OJK Kaji Turunkan Bunga Kredit Mikro dan KPR
Berita

OJK Kaji Turunkan Bunga Kredit Mikro dan KPR

Agar persaingan di industri tersebut makin sehat.

FAT
Bacaan 2 Menit
Ketua DK OJK, Muliaman D. Hadad. Foto: RES
Ketua DK OJK, Muliaman D. Hadad. Foto: RES
Otoritas Jasa Keuangan (OJK) tengah mengkaji mengenai penurunan suku bunga kredit mikro dan Kredit Pemillikan Rumah (KPR). Kajian ini dilakukan setelah otoritas menilai pembatasan suku bunga nasabah deposito beberapa waktu lalu memperbaiki tingkat persaingan di industri perbankan.

"Setelah bunga deposito, kita kaji ada penurunan untuk kredit mikro, KPR dan lain-lain. Untuk memperbaiki persaingan," kata Muliaman di Jakarta, Senin (6/10).

Atas dasar itu, lanjut Muliaman, OJK memperkirakan, pertumbuhan kredit pada tahun ini akan menurun dari target awal tahun yang sebesar 17 persen. Akibatnya, akan terjadi koreksi terhadap Rencana Bisnis Bank (RBB) khususnya terkait pertumbuhan kredit.

"Kami perkirakan tidak akan setinggi awal tahun yang dipatok sebesar 17 persen," tutur Muliaman.

Menurutnya, pertumbuhan kredit berdasarkan RBB akan terkoreksi menjadi 15-16 persen.

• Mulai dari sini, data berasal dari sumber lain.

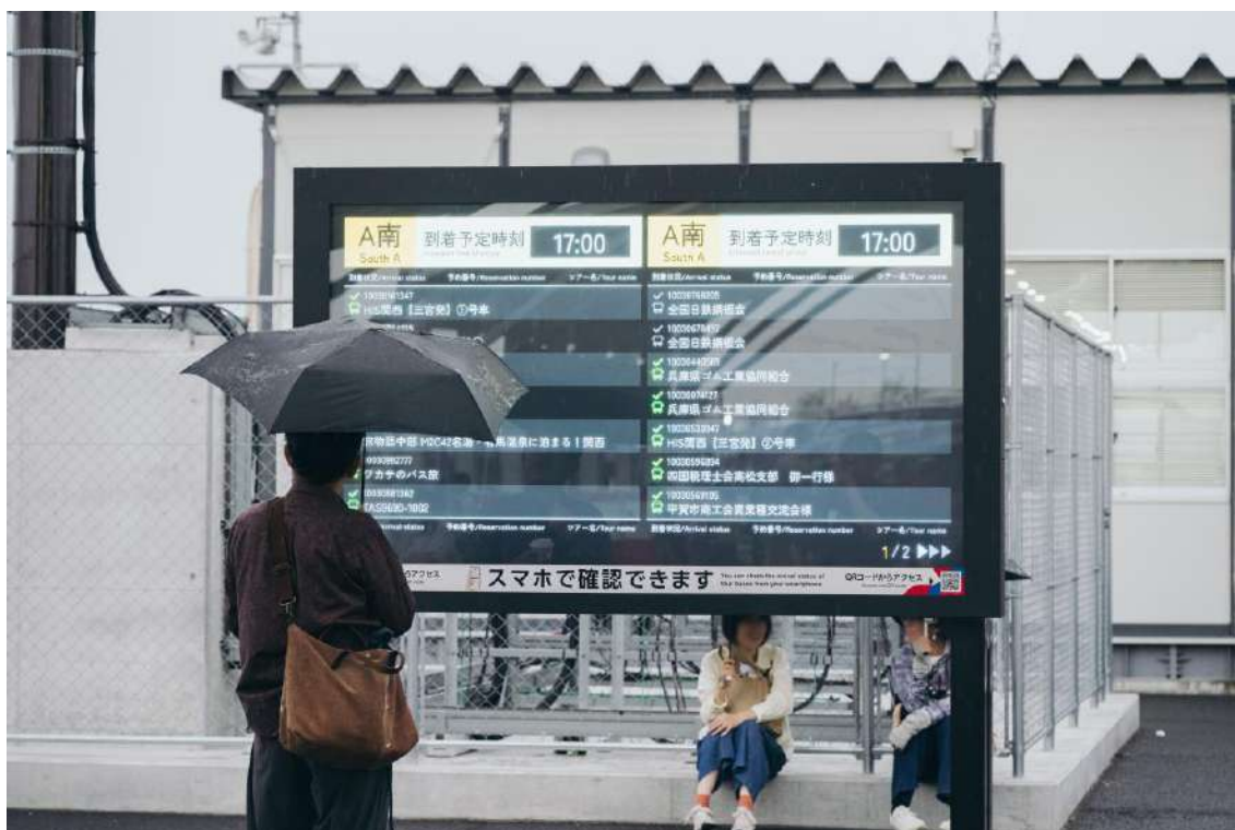
デジタルサイネージ

Muliaman mengatakan, turunnya target pertumbuhan kredit lantaran banyak faktor yang menyebabkan likuititas mengering. Misalnya, terjadi pelambatan ekonomi di sejumlah negara seperti Tiongkok, Jepang dan Eropa.

Bukan hanya itu, menurunnya pertumbuhan kredit dalam negeri juga disebabkan oleh pelemahan pertumbuhan ekonomi makro. "Banyak faktor karena kekeringan likuiditas, maka kami melihat pertumbuhan bank tidak akan setinggi target awal tahun karena adanya koreksi," kata Muliaman.

Sementara itu, Pengamat Ekonomi Avliani mengatakan, pembatasan suku bunga oleh OJK harus diterapkan secara hati-hati. Kebijakan tersebut berpotensi mempengaruhi likuiditas suatu perbankan. Hal itu dikarenakan, masyarakat akan lebih memilih suku bunga yang lebih tinggi daripada sebelumnya.

"Mekanisme mematok (suku bunga, red) ini agak berbahaya. Misalnya, deposan BUKU IV pindah ke BUKU III, lalu jika BUKU IV tidak menaikkan suku bunganya, deposannya bisa pindah," ujar Aviliani.

Atas dasar itu, ia menyarankan agar kebijakan membatasi suku bunga dana nasabah ini perlu dilihat lagi efektifitasnya. Ia berharap, kebijakan ini tidak memicu pengurangan likuiditas suatu bank dan berdampak kepada perbankan yang lain.

"Kebijakan mematok itu perlu dilihat efektifitasnya, begitu juga untuk bunga UMKM," kata Aviliani.

Sebelumnya, OJK mengeluarkan kebijakan membatasi suku bunga dana perbankan. Kebijakan ini dikeluarkan melalui supervisory action.Pembatasan maksimum suku bunga perbanakan di BUKU 3 lebih besar jika dibandingkan BUKU 4. Untuk BUKU 4, maksimum suku bunga 200 basis points (bps) di atas suku bunga acuan Bank Indonesia (BI Rate) atau maksimum 9,50 persen termasuk insentif yang diberikan secara langsung kepada nasabah penyimpan dana.

Sedangkan untuk BUKU 3, maksimum suku bunga 225 bps di atas BI Rate atau maksimum 9,75 persen termasuk insentif yang diberikan secara langsung kepada nasabah penyimpan dana. Untuk optimalisasi suku bunga maksimum ini, maka OJK juga akan melakukan monitoring dan supervisory action terhadap bank-bank BUKU 1 dan BUKU 2. Hal ini dilakukan untuk mendukung penurunan suku bunga DPK.